2

I have a query where I count with a grouping on years. For some of the years there is no items to count and thus no result. I would like to have SPARQL return a count of zero for such years.

I am using the Wikidata Query Service, https://query.wikidata.org, and my present solution is to make a series of values and a union with the actual query. It looks a bit clumsy to me. Is there a better way?

#defaultView:BarChart
select ?year ?number_of_pages ?work_label where {
  {
    select ?year (sample(?pages) as ?number_of_pages) ?work_label       
    where {
      {
        select * where {
          values (?year ?pages ?work_label) {
            ("2000" "0"^^xsd:integer "_") 
            ("2001" "0"^^xsd:integer "_") 

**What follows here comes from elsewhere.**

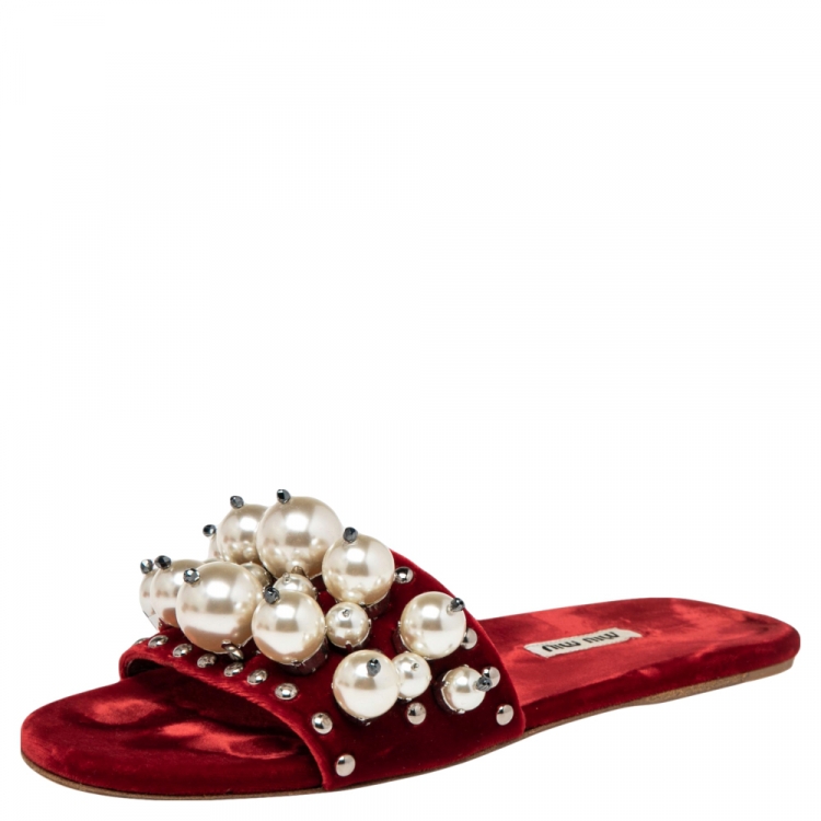 صندل فلات ميو ميو مزخرف لؤلؤ صناعى قطيفة أحمر مقاس 37.5

            ("2002" "0"^^xsd:integer "_") 
            ("2003" "0"^^xsd:integer "_") 
            ("2004" "0"^^xsd:integer "_") 

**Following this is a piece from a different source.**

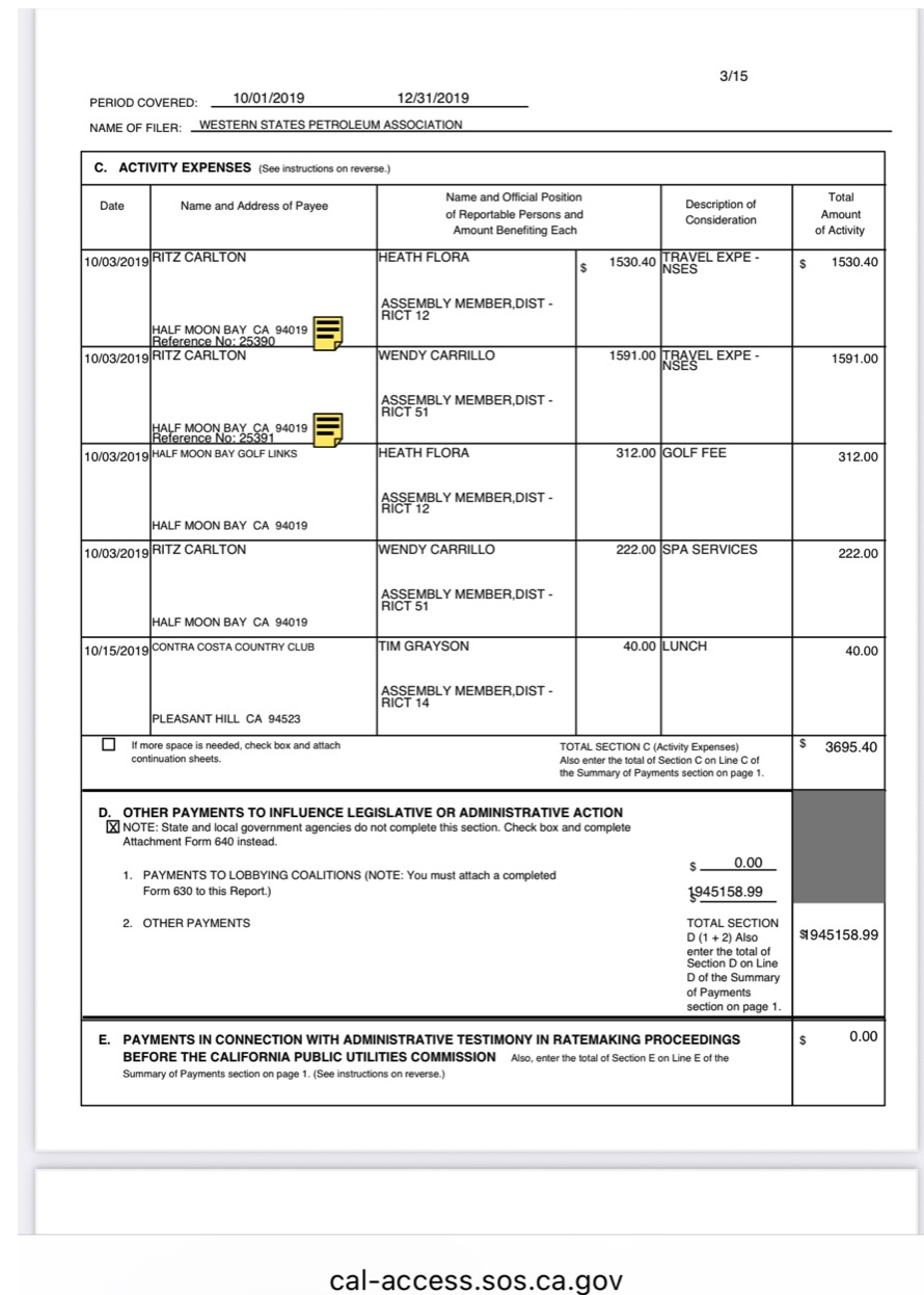 Take a look: Western State Petroleum Association paid for Wendy Carrillo to receive a spa treatment at Ritz Carlton valued at more than $200.

            ("2005" "0"^^xsd:integer "_") 
            ("2006" "0"^^xsd:integer "_") 
            ("2007" "0"^^xsd:integer "_") 
            ("2008" "0"^^xsd:integer "_") 
            ("2009" "0"^^xsd:integer "_") 
            ("2010" "0"^^xsd:integer "_") 
            ("2011" "0"^^xsd:integer "_")
            ("2012" "0"^^xsd:integer "_")
            ("2013" "0"^^xsd:integer "_")
            ("2014" "0"^^xsd:integer "_")
            ("2015" "0"^^xsd:integer "_")
            ("2016" "0"^^xsd:integer "_")
          }
        }
      }
      union {
        ?work wdt:P50 wd:Q18921408 .
        ?work wdt:P1104 ?pages .
        ?work wdt:P577 ?date . 
        ?work rdfs:label ?long_work_label . filter(lang(?long_work_label) = 'en')
        bind(substr(?long_work_label, 1, 20) as ?work_label)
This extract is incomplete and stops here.